=== Begin Enclosure ===
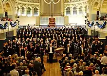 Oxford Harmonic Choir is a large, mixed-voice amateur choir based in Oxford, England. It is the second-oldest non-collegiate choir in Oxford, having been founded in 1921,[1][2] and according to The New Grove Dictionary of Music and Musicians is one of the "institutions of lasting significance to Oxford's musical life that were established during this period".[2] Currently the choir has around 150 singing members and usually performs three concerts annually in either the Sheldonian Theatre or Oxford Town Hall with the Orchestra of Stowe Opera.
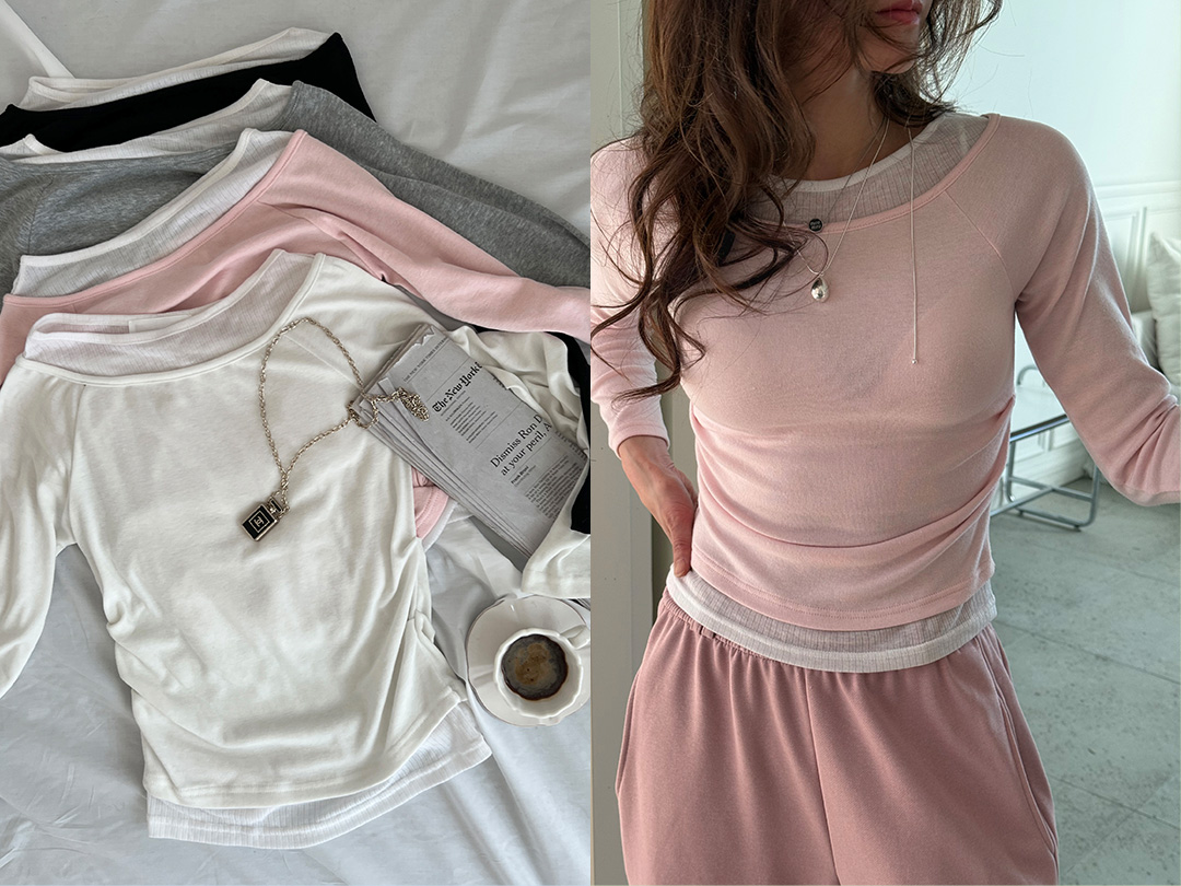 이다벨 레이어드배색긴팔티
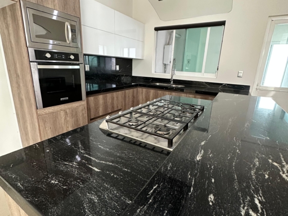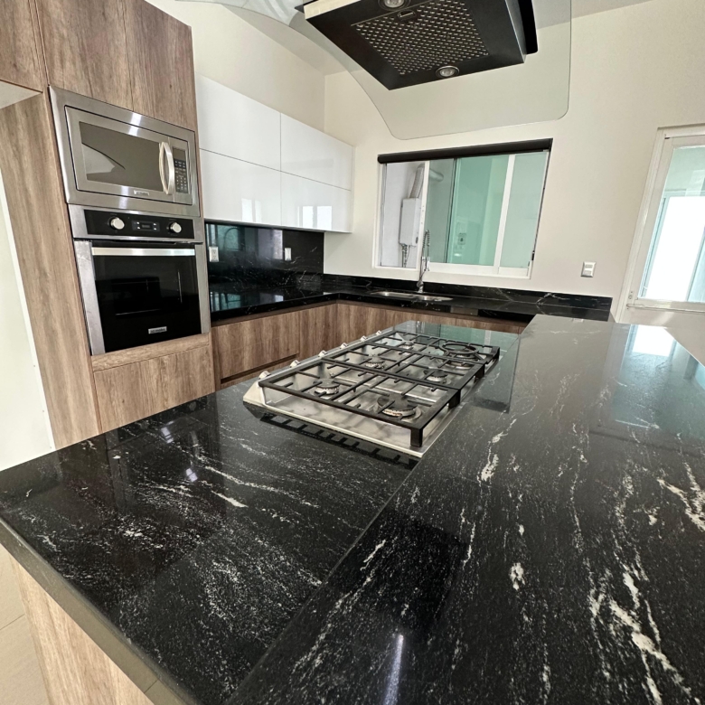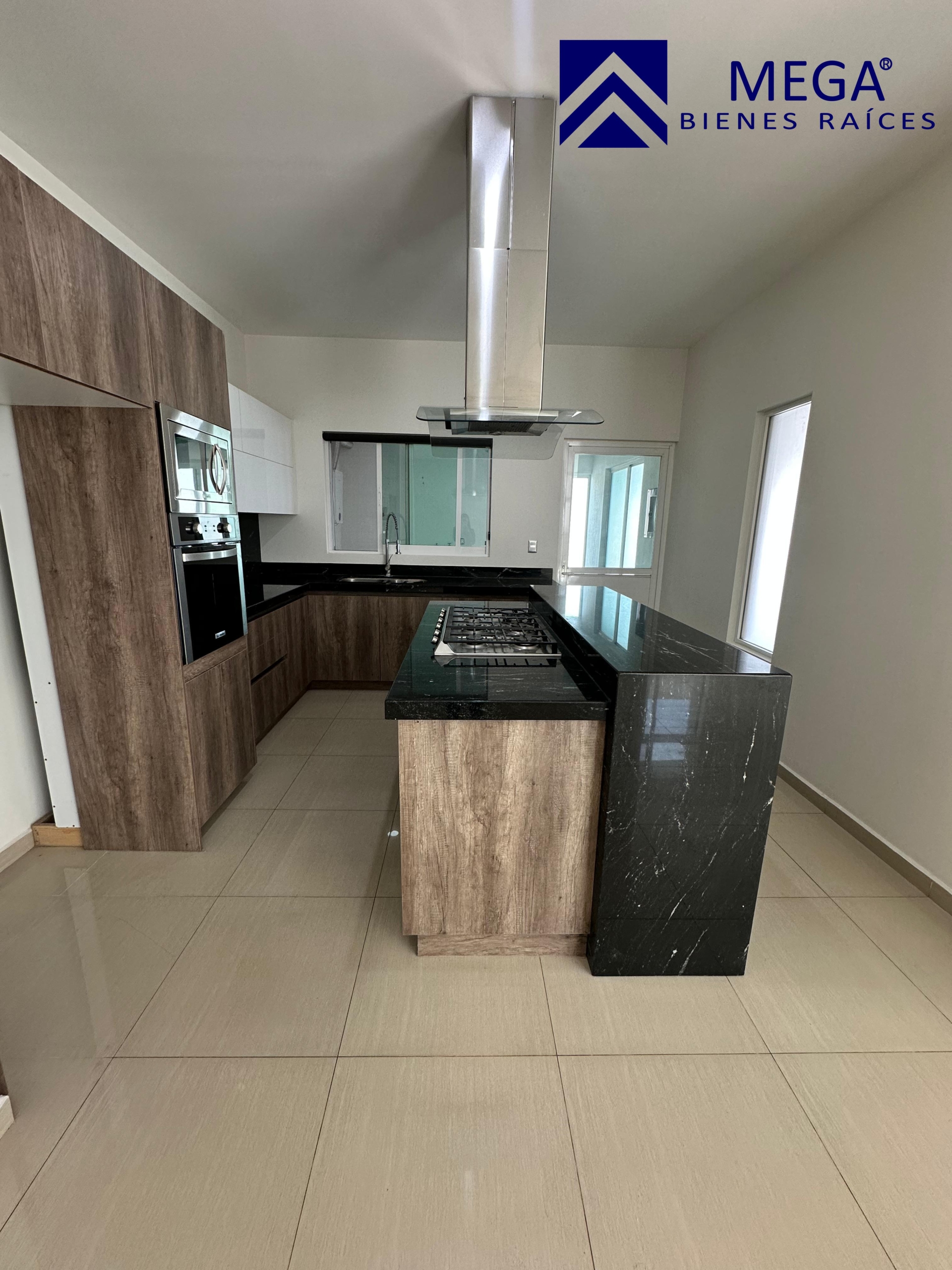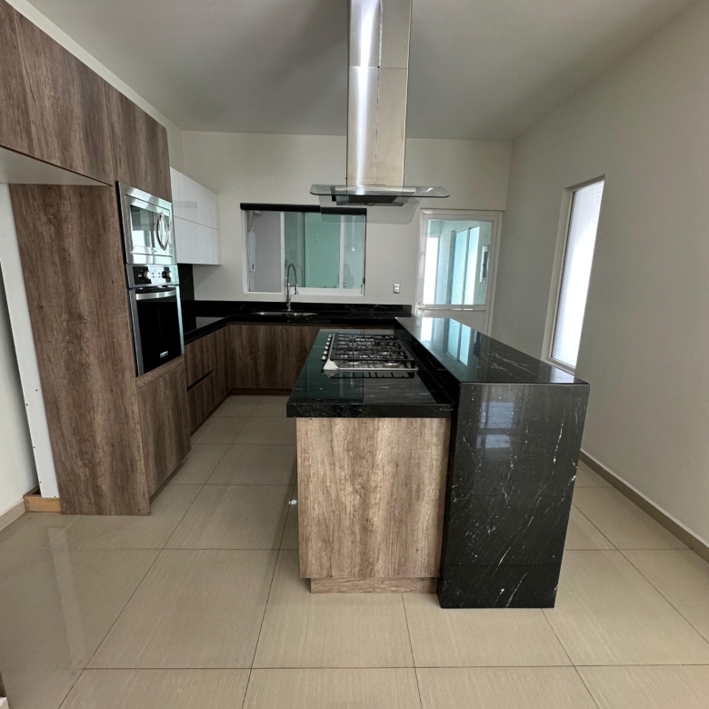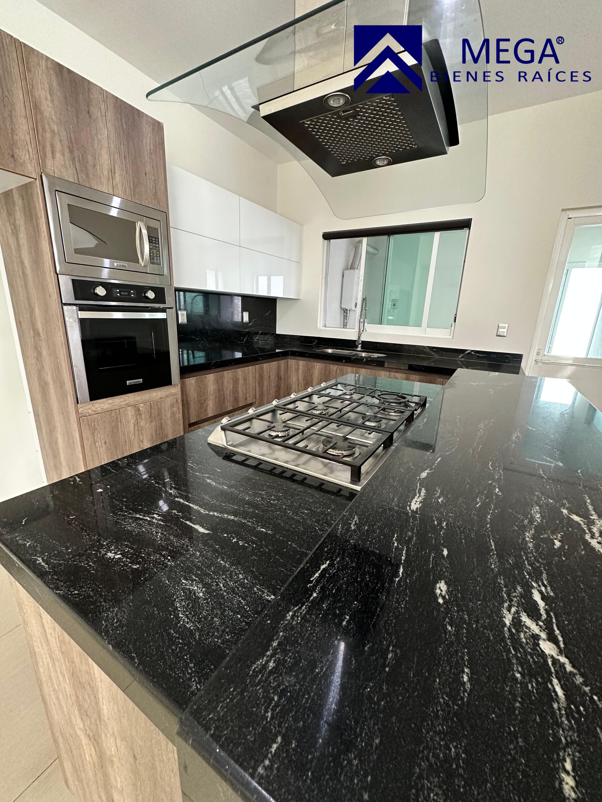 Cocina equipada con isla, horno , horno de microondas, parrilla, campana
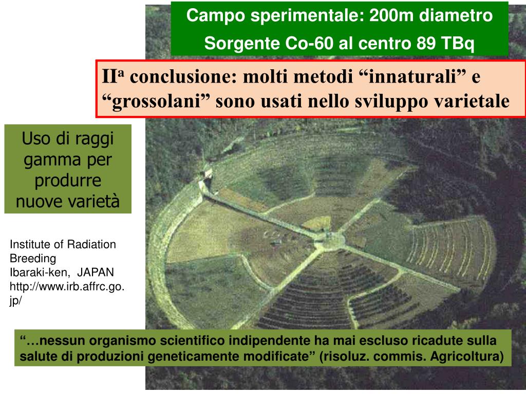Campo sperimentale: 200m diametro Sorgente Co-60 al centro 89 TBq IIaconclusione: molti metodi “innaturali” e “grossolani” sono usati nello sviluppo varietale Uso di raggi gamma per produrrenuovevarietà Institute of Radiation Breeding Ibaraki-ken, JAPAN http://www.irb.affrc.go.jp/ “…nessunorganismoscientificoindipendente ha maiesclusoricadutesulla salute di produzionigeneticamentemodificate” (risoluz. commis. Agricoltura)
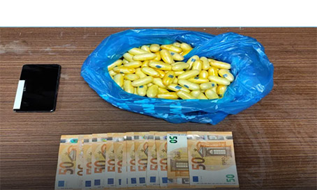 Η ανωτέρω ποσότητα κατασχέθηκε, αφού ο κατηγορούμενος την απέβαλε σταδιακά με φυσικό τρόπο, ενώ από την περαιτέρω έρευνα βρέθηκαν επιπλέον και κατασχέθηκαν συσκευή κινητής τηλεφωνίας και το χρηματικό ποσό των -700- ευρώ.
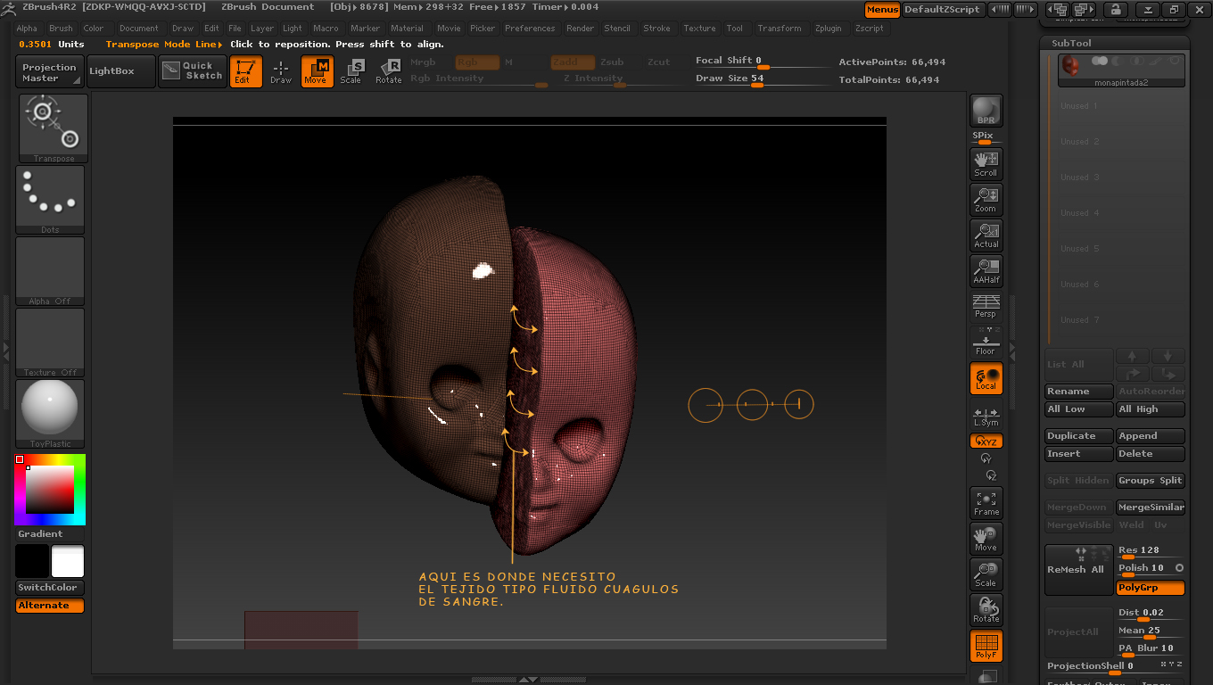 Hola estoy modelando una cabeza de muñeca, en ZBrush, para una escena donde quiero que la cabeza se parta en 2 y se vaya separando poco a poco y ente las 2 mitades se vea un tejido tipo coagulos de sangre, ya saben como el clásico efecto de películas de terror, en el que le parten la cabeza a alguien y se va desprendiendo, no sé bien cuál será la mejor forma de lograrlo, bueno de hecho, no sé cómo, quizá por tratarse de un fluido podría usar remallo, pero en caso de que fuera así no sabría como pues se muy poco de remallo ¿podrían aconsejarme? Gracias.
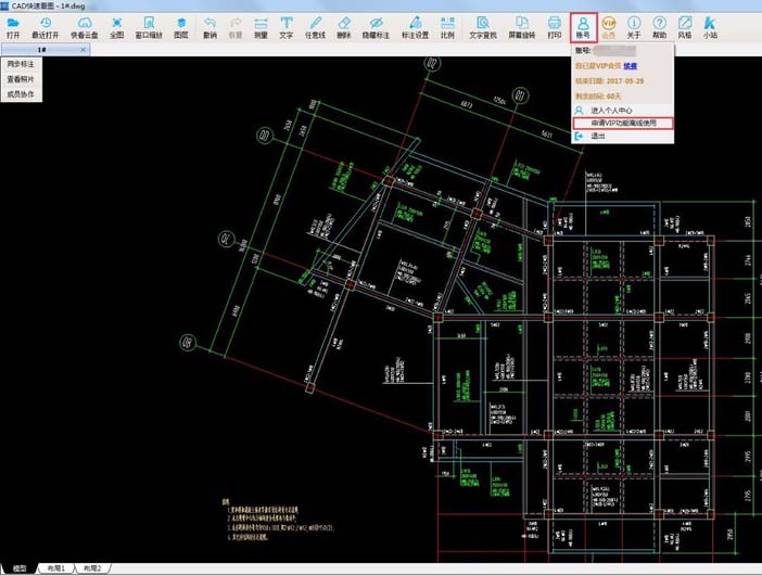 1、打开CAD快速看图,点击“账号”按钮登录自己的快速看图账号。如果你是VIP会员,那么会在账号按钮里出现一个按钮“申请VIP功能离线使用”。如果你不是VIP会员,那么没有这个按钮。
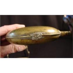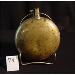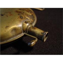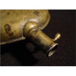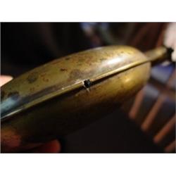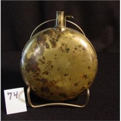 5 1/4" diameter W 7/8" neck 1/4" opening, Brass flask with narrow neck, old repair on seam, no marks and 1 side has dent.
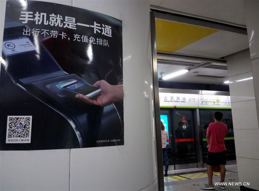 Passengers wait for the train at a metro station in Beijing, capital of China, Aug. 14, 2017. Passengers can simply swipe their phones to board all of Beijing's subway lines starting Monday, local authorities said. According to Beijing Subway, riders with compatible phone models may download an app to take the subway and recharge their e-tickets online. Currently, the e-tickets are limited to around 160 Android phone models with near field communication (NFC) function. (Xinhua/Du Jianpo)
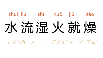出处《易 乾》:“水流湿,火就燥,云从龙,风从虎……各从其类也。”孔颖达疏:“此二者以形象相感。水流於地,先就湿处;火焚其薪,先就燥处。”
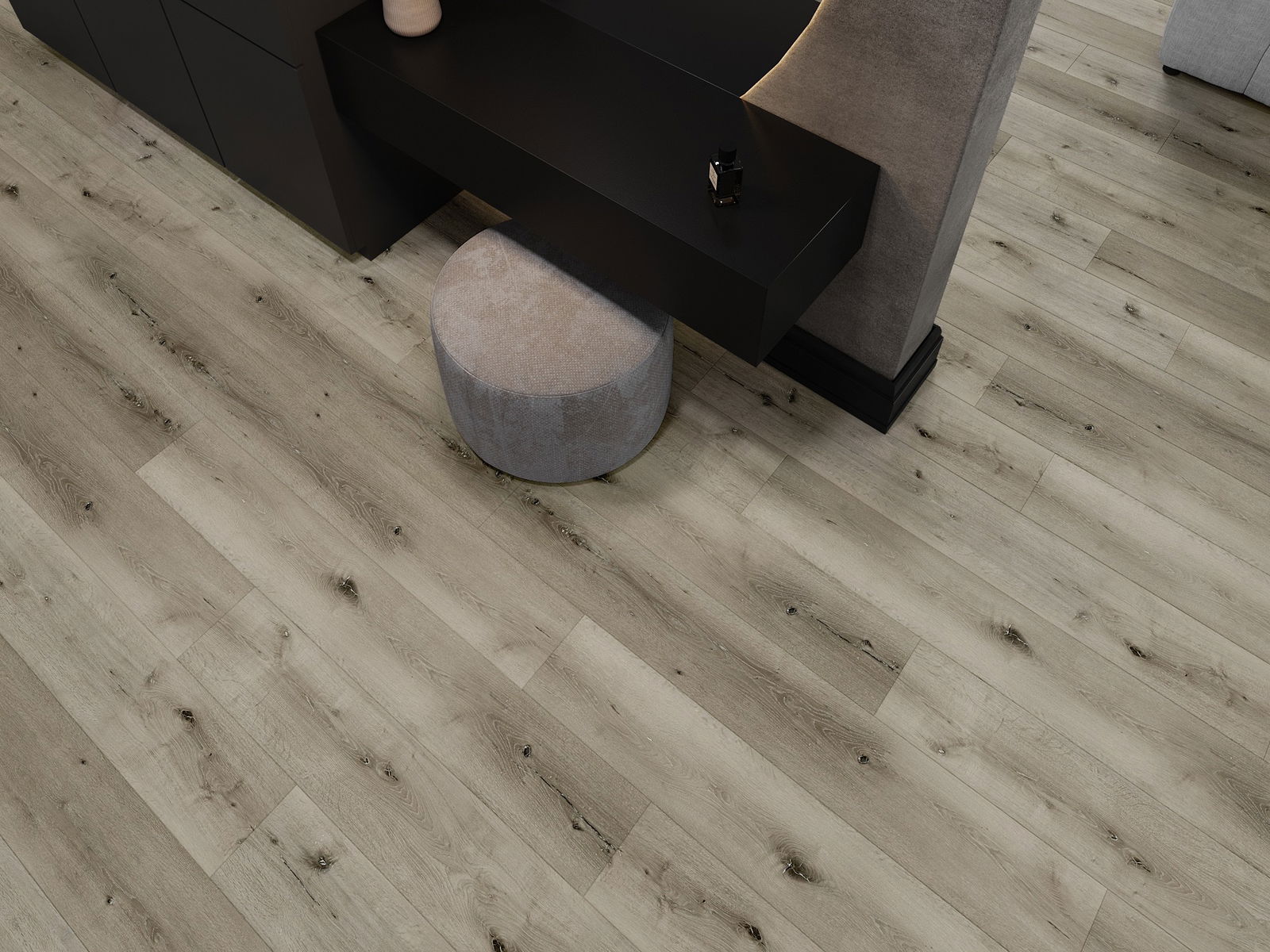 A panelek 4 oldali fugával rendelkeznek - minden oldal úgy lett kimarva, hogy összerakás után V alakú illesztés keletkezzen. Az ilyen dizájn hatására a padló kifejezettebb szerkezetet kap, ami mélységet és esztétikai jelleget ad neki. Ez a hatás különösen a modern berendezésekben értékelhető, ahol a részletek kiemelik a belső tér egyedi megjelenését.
=== End Enclosure ===
Aim of the task: Starting at the first line of the data, set down each line exactly until you have copied the line with "Cocina equipada con", but leave the pictures out.

Response to this task:
 Oxford Harmonic Choir is a large, mixed-voice amateur choir based in Oxford, England. It is the second-oldest non-collegiate choir in Oxford, having been founded in 1921,[1][2] and according to The New Grove Dictionary of Music and Musicians is one of the "institutions of lasting significance to Oxford's musical life that were established during this period".[2] Currently the choir has around 150 singing members and usually performs three concerts annually in either the Sheldonian Theatre or Oxford Town Hall with the Orchestra of Stowe Opera.
 이다벨 레이어드배색긴팔티
 Cocina equipada con isla, horno , horno de microondas, parrilla, campana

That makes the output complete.